In his session, Edjlali presented a 26-point checklist that organizations can use to ensure their data is AI-ready.
Consider the value of unstructured data
Because many current generative and agent AI applications are multimodal, unstructured data makes up a large portion of the data needed to train and maintain AI systems.
Unstructured data lacks the predefined structure required for easy storage and analysis in traditional databases. You can save as images, audio, PDF, social media, email, etc. Although unstructured data can be more difficult for organizations to store and analyze, it can generate business value when used in AI applications.
“Unstructured data can be viewed as a liability or as an asset,” Chen said in an interview.
In his session, “How to unlock the value of unstructured data for AI: Start by managing your data,” Chien pointed out that 70% to 90% of enterprise data is unstructured. Therefore, Qian said in an interview that he now spends a lot of time educating customers about unstructured data and how to analyze it. But now, with increased literacy and access to tools, organizations can more frequently work with the unstructured data that is essential to many generative and agent AI applications.
Understanding the importance of unstructured data in AI use cases is the first step, but leaders also need to properly manage unstructured data if they want to make that data AI-ready, Chien said. Governance involves multiple steps, including tagging and categorizing unstructured data, along with extensive metadata management.
“The type of processing and metadata required for unstructured data is very different,” Edjlali said in an interview. “If you don’t have enough labels to differentiate everything, it can become more difficult to get accuracy for your use case.”

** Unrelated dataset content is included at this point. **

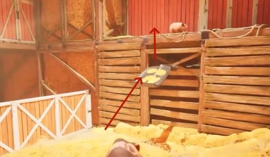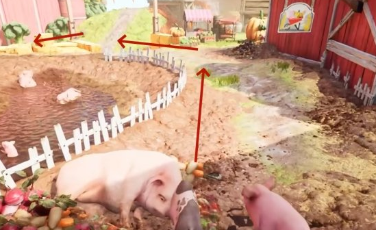 走出大门后红苹果的位置在左边的干草堆上,需要两个小猪配合才能拿到。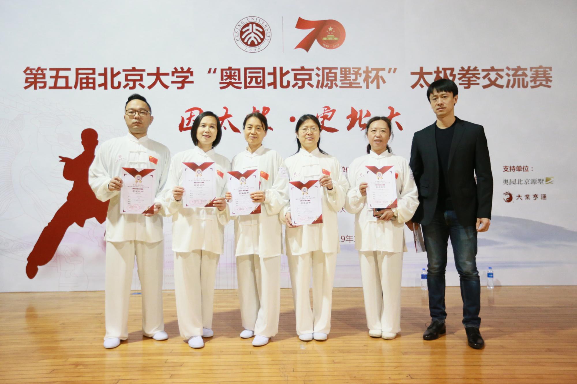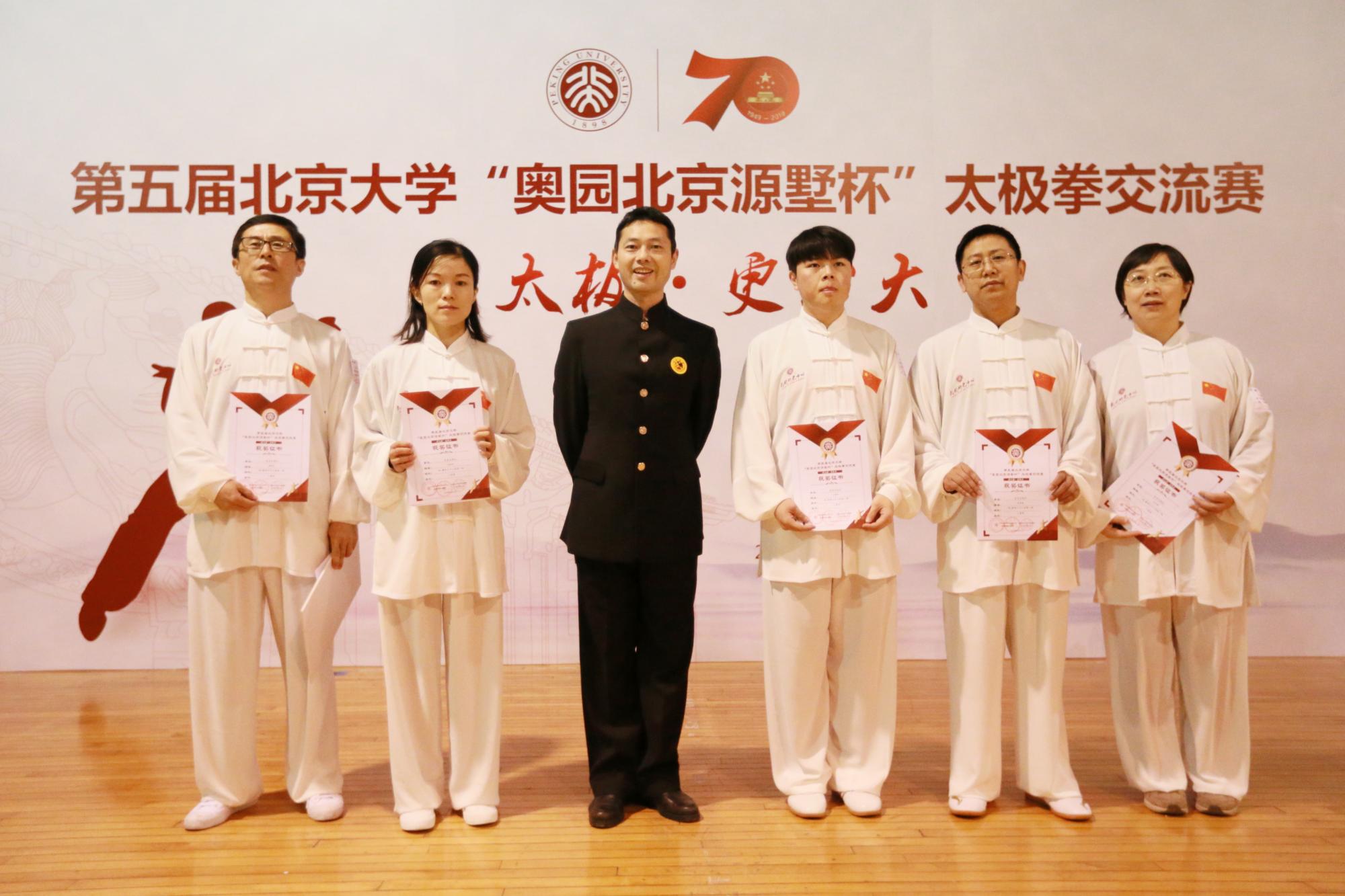 “蔚秀紫燕队、四象八卦太极魂队、燕之缘队、北大法太极松泉团队二队、无极队”等队伍分别获得“燕园街道集体五禽戏、燕园街道集体八段锦、教职工集体八式太极拳、教职工集体老架一路、教职工集体八段锦”一等奖。

In his session, Chien discussed steps to manage unstructured data, including tagging and categorizing data.
Prioritize metadata
Chien said in the session that the metadata used to describe unstructured data can be inconsistent. Often, there is no predefined standard or clear ownership of the data, which can pose significant obstacles to AI data preparation.
“Metadata is everything that helps you answer the question, ‘Is my data AI-enabled?’” Edjlali said in an interview. “Questions about what the model is designed to do, who should use it, what kind of agent is it, what use cases are outside of its scope, etc. Metadata tells you where the data is, where the data comes from, and the statistical distribution of the data.”

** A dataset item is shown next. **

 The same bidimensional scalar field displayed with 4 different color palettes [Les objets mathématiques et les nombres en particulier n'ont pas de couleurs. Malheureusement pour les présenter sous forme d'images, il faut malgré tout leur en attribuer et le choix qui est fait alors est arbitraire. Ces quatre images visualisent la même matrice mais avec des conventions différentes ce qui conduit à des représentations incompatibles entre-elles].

Importantly, metadata, typically managed through AI model cards, also helps teams identify data drift. This means the AI system can no longer perform its use case properly, Edjlali added. This is the key difference between AI metadata and traditional metadata, which is considered static. “‘Has anything changed?’ That’s the central question you should try to answer,” she said in an interview. “Metadata answers that question.”
Metadata is everything that helps you answer the question, “Is my data AI-enabled?”
Roxanne EdlariGartner Senior Director Analyst
Automate as needed
From metadata collection to operationalization, AI-enabled data practices are too time-consuming to do completely manually. Organizations can use tools to automate certain business processes.
Edjlali said in an interview that there are three main categories of tools to consider. Enterprises should focus on metadata management, data observability, and data governance tools to improve data readiness. When choosing the right AI tool, it’s important to understand your project’s use case and data and metadata needs.
“Customers want simple solutions,” Ezirali said. “They’re looking at technology that solves a problem, so they’d rather have a single vendor solve it for them, but that might not deliver on their promise. This is where your knowledge and context come into play.”
Olivia Wisbey is a site editor in Informa TechTarget’s AI & Emerging Tech group. She has experience covering topics in AI, machine learning, and software quality.